— The task —
Exactly the lines from the one containing "Ahead of Time." through the end of the records must be reproduced; leave out all pictures.

— Records from a collection —
-- Opening Marker --

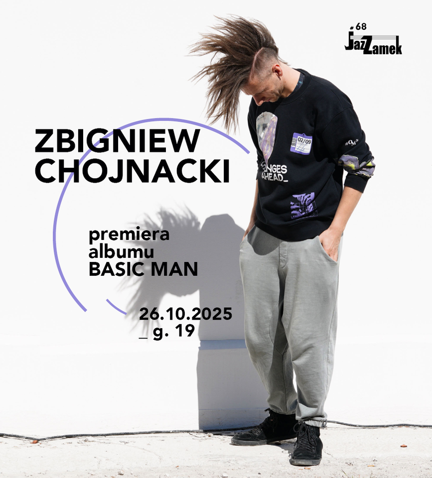 W październiku zapraszamy na kolejną odsłonę cyklu „JazZamek” – koncert Zbigniewa Chojnackiego promujący nowy album „Basic Man”. Siedem piosenek tworzy spójną opowieść o nieoczekiwanym świecie. Jeśli chcesz przeżyć przygodę, która Cię odmieni; potrzebujesz się otworzyć i niczego nie oczekiwać, ten koncert jest dla Ciebie. To będzie prawdziwa przygoda!
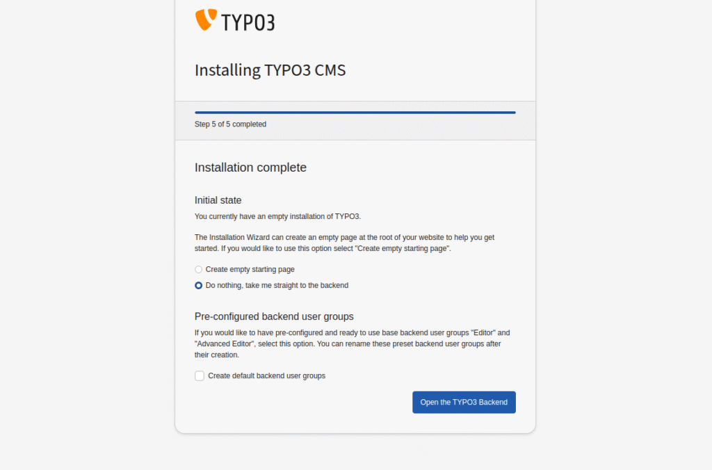 And now you are done with your fresh TYPO3 installation.
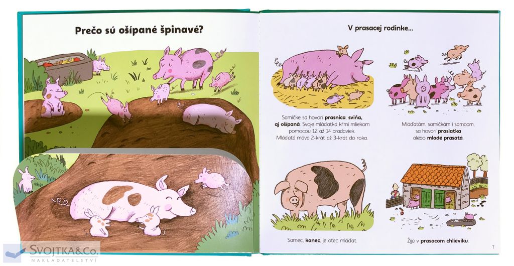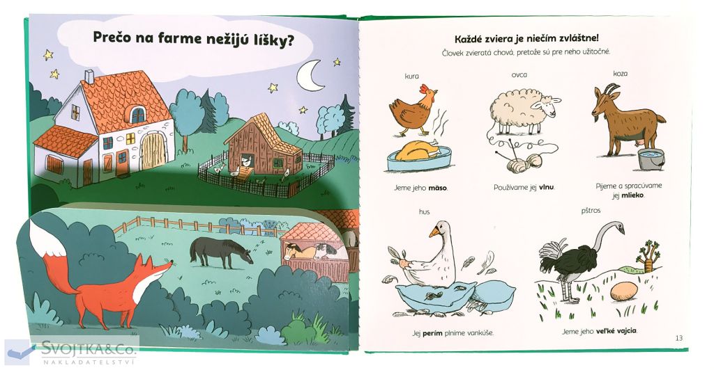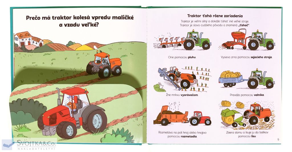 Zaujíma ťa, čo sa deje na farme? Prečo rastliny na poliach rastú v riadkoch, ako sa robia balíky slamy, alebo prečo nie sú kuriatka vo všetkých vajciach? Odpovede na tieto a ďalšie otázky nájdeš vnútri knihy. Na každej dvojstrane je veľké odklápacie okienko, pod ktorým sa schováva odpoveď. Ďalšia strana obsahuje doplňujúce informácie pre malých zvedavcov, ktorí chcú vedieť vždy o trochu viac. Odpovede sú podané tak, aby im deti porozumeli. Zistite, čo všetko so svojimi malými zvedavcami môžete objaviť na poli alebo na statku, a vrhnite sa do preskúmavania!
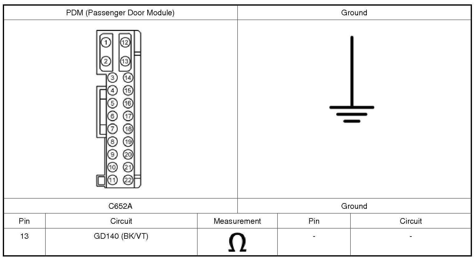 2. CHECK THE PDM (Passenger Door Module) GROUND CIRCUIT FOR AN OPEN
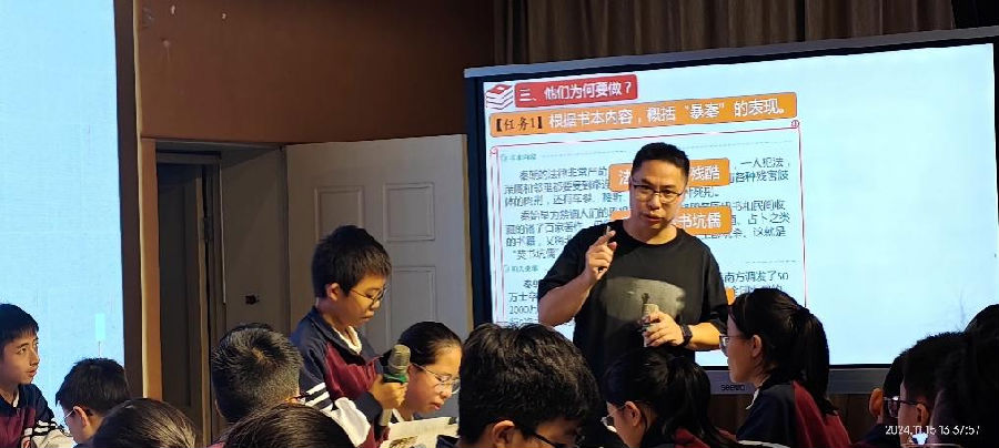 活动的第一项议程是李启建老师带来的《秦末农民大起义》。李老师以教材中“陈胜吴广起义”历史图片插图为主情境,组织学生讨论引出“他们是什么人?他们要做什么?他们为何要做?他们成功了吗?”这四个主问题,然后引导学生阅读教材内的文字资料、地图资料和教材外的《史记》文献资料,在起义过程的史实梳理中培养时空观念和史料实证素养,在秦暴政的原因分析中引导学生阅读书本获取信息的能力和历史解释的素养;在起义是否成功的辩证分析中渗透“人民才是创造世界历史的动力”唯物史观和家国情怀提升了课堂高度。
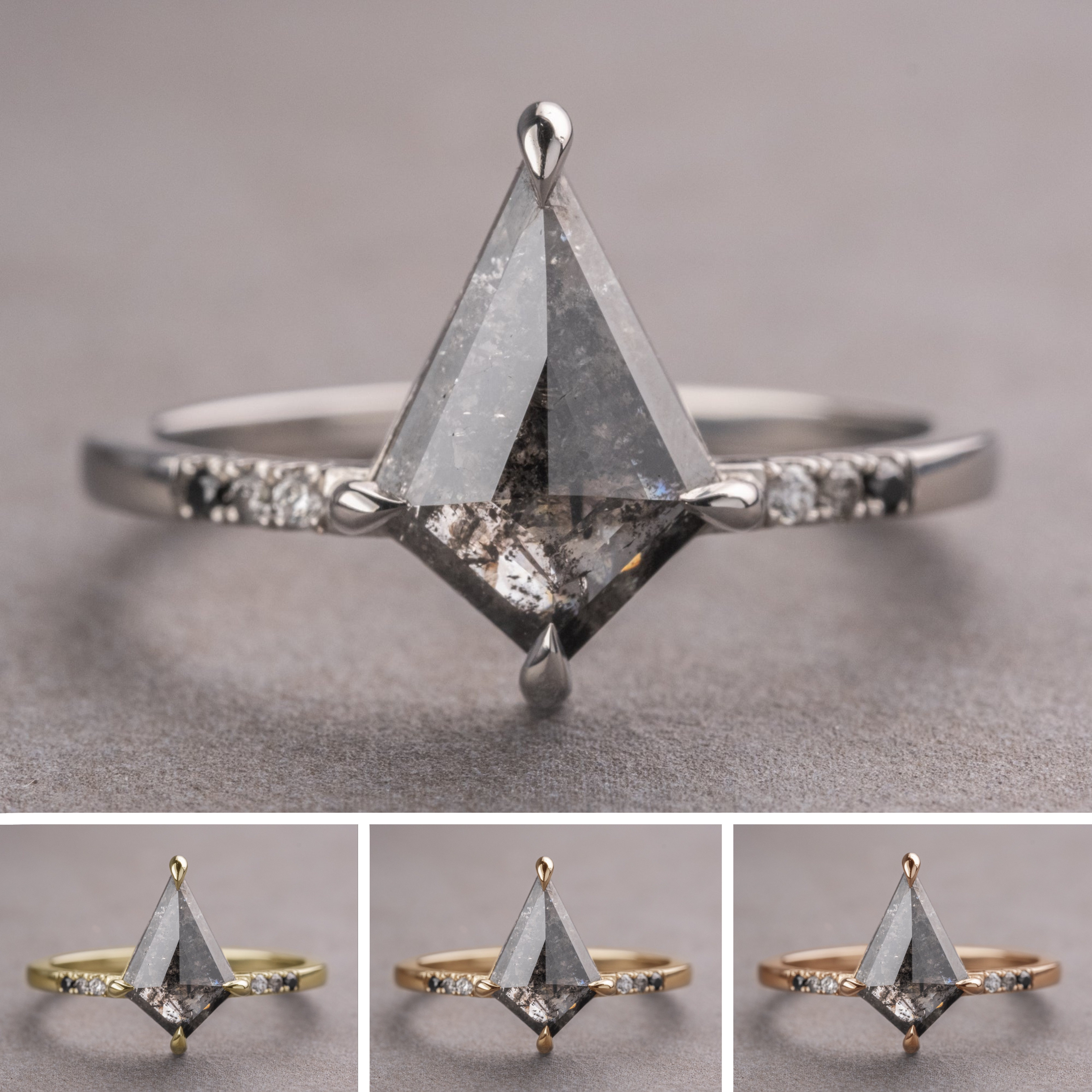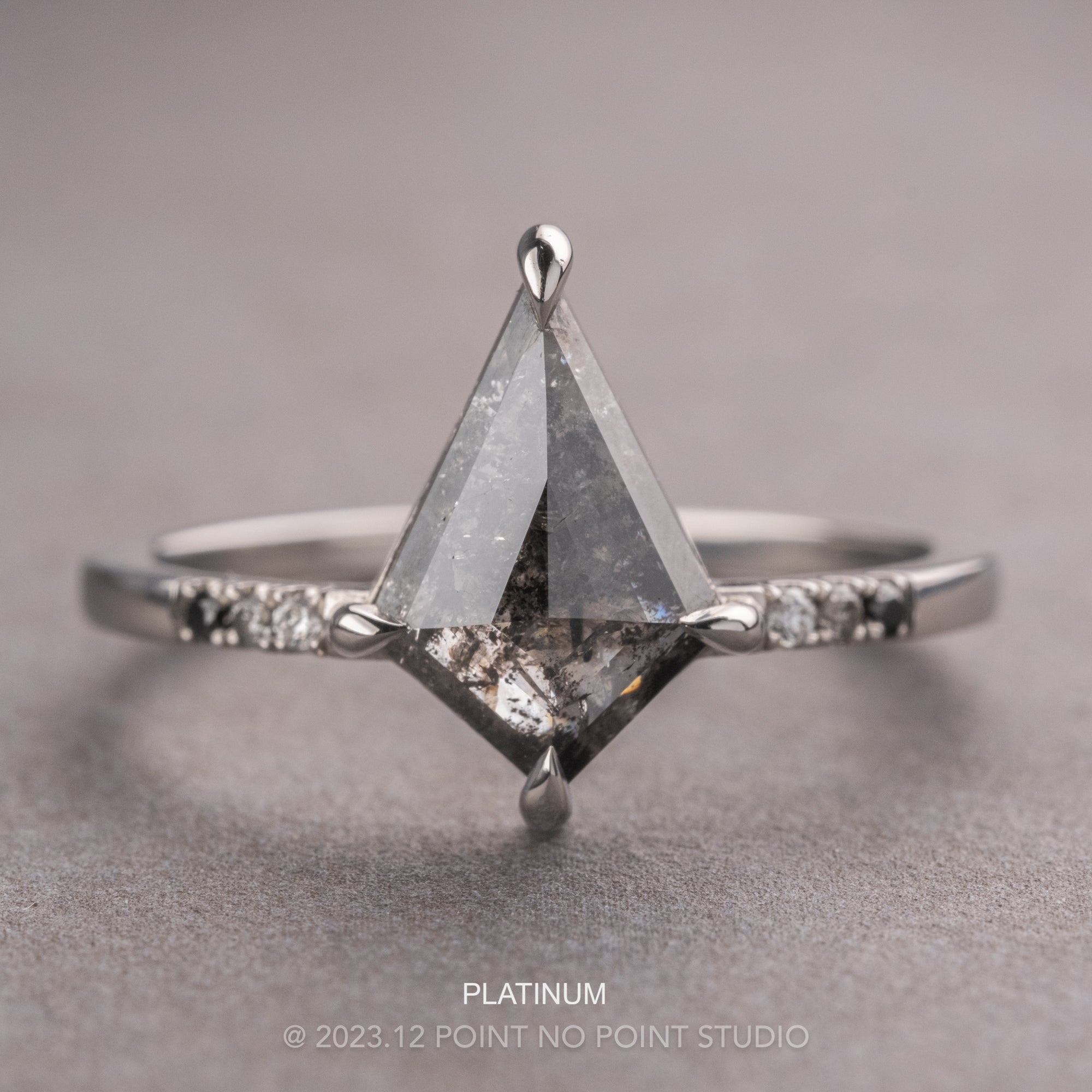 This ring features a stunning 1.21 carat natural black speckled kite diamond. The diamond is a top quality un-enhanced diamond; it is semi-translucent with unique tones and facets that catch the light. Each side of the kite diamond has one white, grey, and black diamond set into the ring band to complete the look.
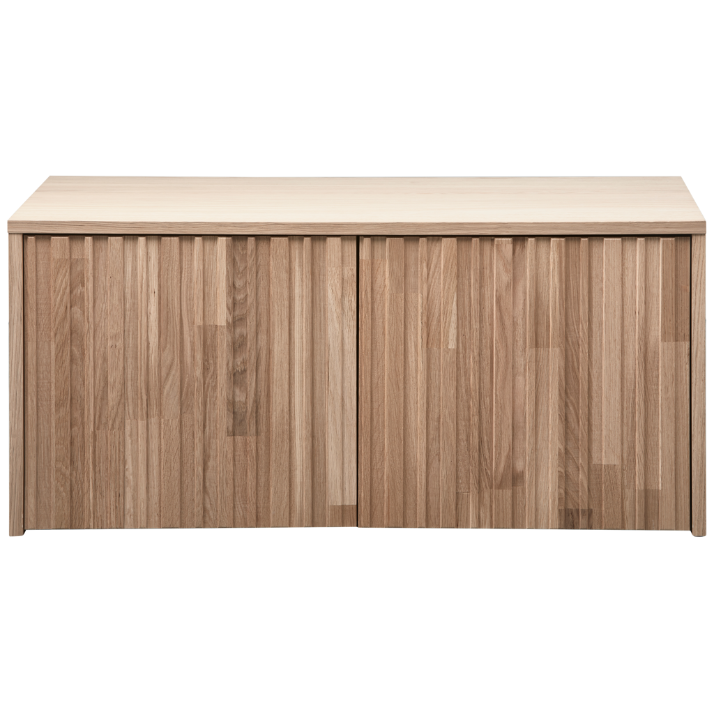 De kistbank is vervaardigd uit eikenhout, een duurzame houtsoort met een lichtbruine tint en een zachte gele ondertoon. De zichtbare nerftekening geeft het meubel een natuurlijke en warme uitstraling. Het gebruikte eikenhout is 100% FSC-gecertificeerd, wat bijdraagt aan een verantwoorde en milieuvriendelijke keuze.
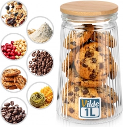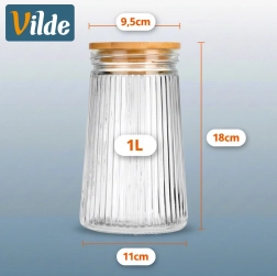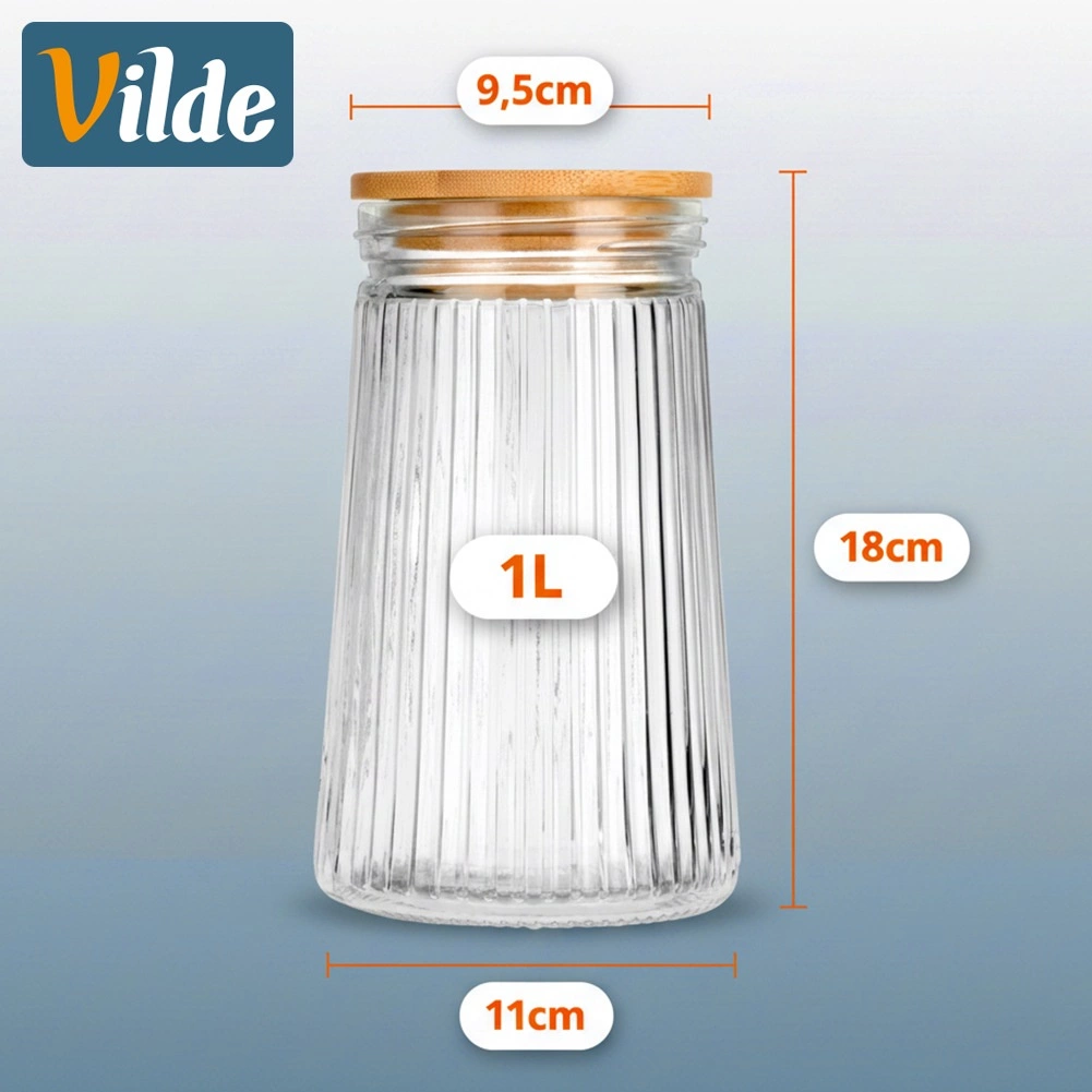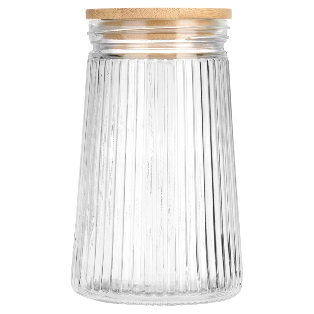 Stylová skleněná dóza o objemu 1 l s bambusovým víčkem a silikonovým těsněním udrží vaše potraviny déle čerstvé. Díky transparentnímu žebrovanému sklu máte obsah stále pod kontrolou a kuchyň zároveň působí upraveně a elegantně. Ideální pro kávu, cukroví, těstoviny, müsli či jiné sypké potraviny. Odolné borosilikátové sklo a vzduchotěsný uzávěr zaručují svěžest i aroma.
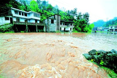 恩施市龙凤坝镇三河村的居民住宅被山洪围困 新华社发
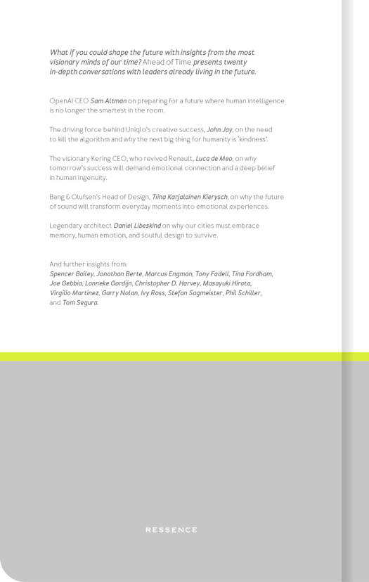 Ahead of Time. Whilst Ressence is a luxury watch brand, this is no homage to the industry - instead the title profiles creatives across a range of fields whose work embodies the Ressence philosophy: to re-imagine the essential. In the book, entrepreneurial visionaries share their perspectives on the future within their respective fields creating an inspiring, collectible volume that offers a positive, informed perspective on where we are all heading.
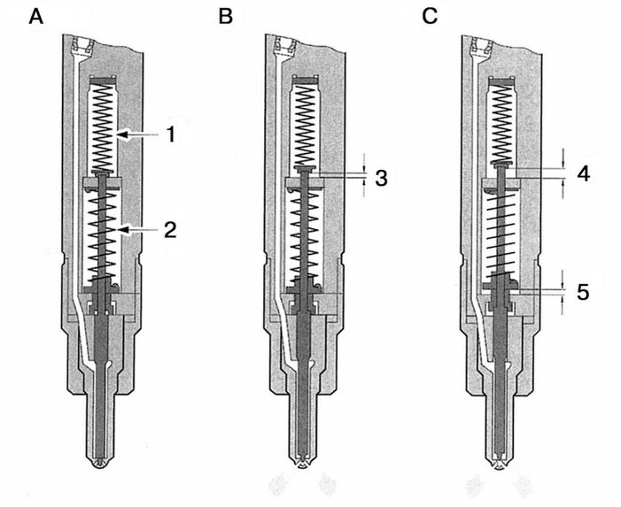 В их конструкции предусмотрено две пружины. Первая отвечает за давление начала предвпрыска, при достижении которого игла преодолевает давление более слабой пружины и приоткрывается на 0.01-0.03мм, осуществляя начальный впрыск небольшой порции топлива. При достижении номинального давления топлива, игла своим уступом, уперевшись в шайбу основной пружины и преодолевая суммарное сопротивление двух пружин открывается на полный впрыск. На картинке последовательно изображены эти этапы. И да, это совсем не коммон рейл и даже не его подобие) Данная схема позволяет значительно повысить плавность работы моторов с непосредственным впрыском, так как предвпрыск позволяет заранее плавно поднять давление в цилиндре, снизив ударное действие при впрыске основной порции топлива.
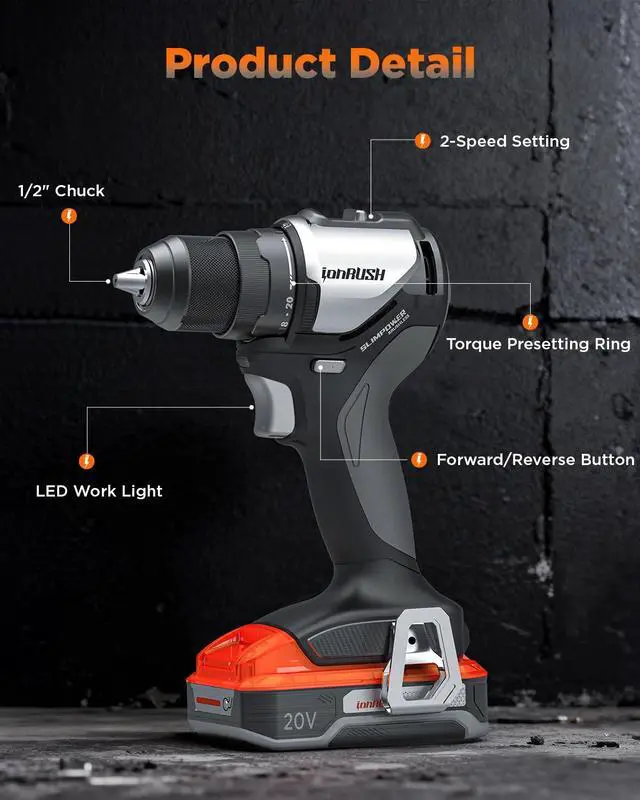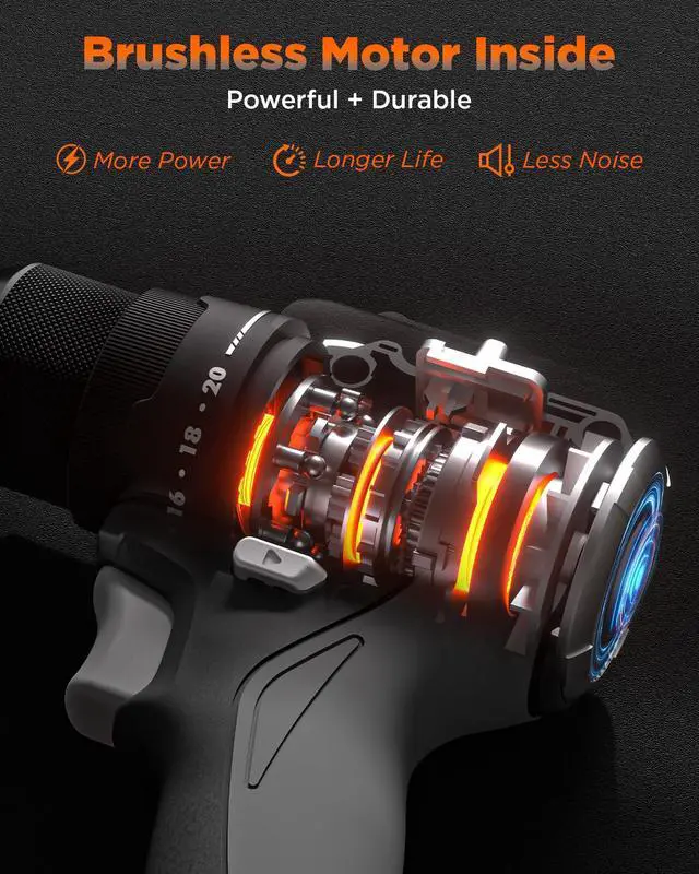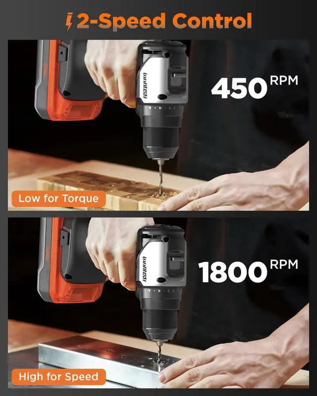 Two Speed Control: The drill driver offers 2 variable speed gears, 0-450 RPM for low-speed screwdriving and 0-1800 RPM for fast drilling. It's the ideal brushless drill for both DIY enthusiasts and professional use.
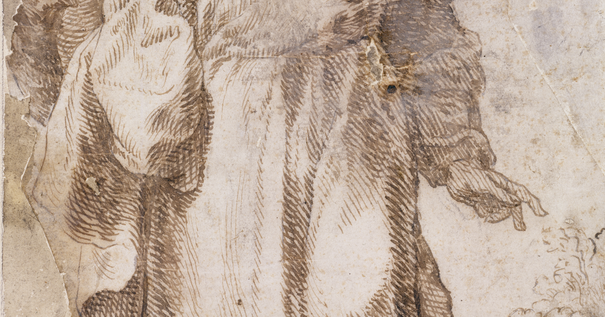 En este dibujo sobre papel verjurado amarillento, pegado a un segundo soporte, encontramos ese plumeado característico del artista, realizado con pluma de caña muy fina, tinta y aguada marrones. Está firmado y fechado a pluma con la misma tinta del dibujo en el borde inferior derecho. Esta obra, procedente de la colección Madrazo, pertenece a un Apostolado hoy disperso.

-- Closing Marker --

— Output —
 Ahead of Time. Whilst Ressence is a luxury watch brand, this is no homage to the industry - instead the title profiles creatives across a range of fields whose work embodies the Ressence philosophy: to re-imagine the essential. In the book, entrepreneurial visionaries share their perspectives on the future within their respective fields creating an inspiring, collectible volume that offers a positive, informed perspective on where we are all heading.
 В их конструкции предусмотрено две пружины. Первая отвечает за давление начала предвпрыска, при достижении которого игла преодолевает давление более слабой пружины и приоткрывается на 0.01-0.03мм, осуществляя начальный впрыск небольшой порции топлива. При достижении номинального давления топлива, игла своим уступом, уперевшись в шайбу основной пружины и преодолевая суммарное сопротивление двух пружин открывается на полный впрыск. На картинке последовательно изображены эти этапы. И да, это совсем не коммон рейл и даже не его подобие) Данная схема позволяет значительно повысить плавность работы моторов с непосредственным впрыском, так как предвпрыск позволяет заранее плавно поднять давление в цилиндре, снизив ударное действие при впрыске основной порции топлива.
 Two Speed Control: The drill driver offers 2 variable speed gears, 0-450 RPM for low-speed screwdriving and 0-1800 RPM for fast drilling. It's the ideal brushless drill for both DIY enthusiasts and professional use.
 En este dibujo sobre papel verjurado amarillento, pegado a un segundo soporte, encontramos ese plumeado característico del artista, realizado con pluma de caña muy fina, tinta y aguada marrones. Está firmado y fechado a pluma con la misma tinta del dibujo en el borde inferior derecho. Esta obra, procedente de la colección Madrazo, pertenece a un Apostolado hoy disperso.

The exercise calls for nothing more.